Zilliqa / zq2

Zilliqa 2.0 code base
Apache License 2.0
9 stars 0 forks source link

A restarted node does not set their high_qc to that of other node's NewView messages #1798

Open 86667 opened 5 days ago

86667 commented 5 days ago

TLDR: We need to re-request missed proposals after startup (I believe)

The issue arises when a node goes down before receiving a proposal, whilst the other nodes do receive it. We then end up in a situation where the node that went down is 1 view behind the other nodes, yet all have the same exponential backoff period since their high_qc values are different. This results in syncing never happening.

Example logs:

Node that went down with high_qc view 2 has a exp. backoff timeout of 40_000 for view 6.

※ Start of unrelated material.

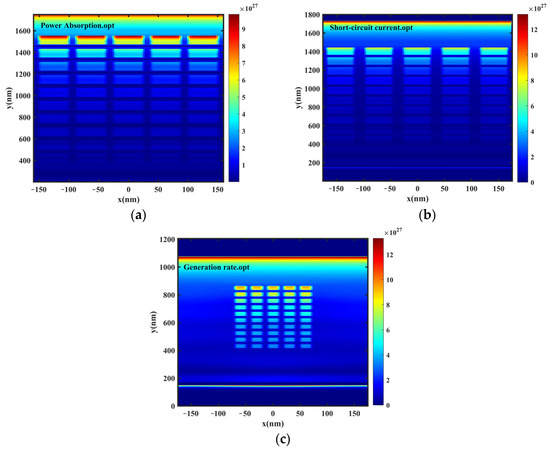 Two-dimensional absorption profiles under three optimization conditions: (a) power absorption, (b) short-circuit current, and (c) generation rate.

2024-11-12T12:11:31.636766Z TRACE zilliqa::consensus: 507: Not proceeding with view change. Current view: 6 - time since last: 4575, timeout requires: 40000

Other nodes with high_qc view 3 have an exp. backoff timeout of 40_000 for view 7

2024-11-12T12:11:32.122232Z TRACE zilliqa::consensus: 507: Not proceeding with view change. Current view: 7 - time since last: 21155, timeout requires: 40000

Other nodes will always move on to the next view before the node that went down can catch up.

What should happen is that once our restarted node becomes leader it receives the NewView messages for a view higher than its own and updates its view at that point. However, it fails to propcess the NewView messages at this point because of:

parent not found while determining leader for view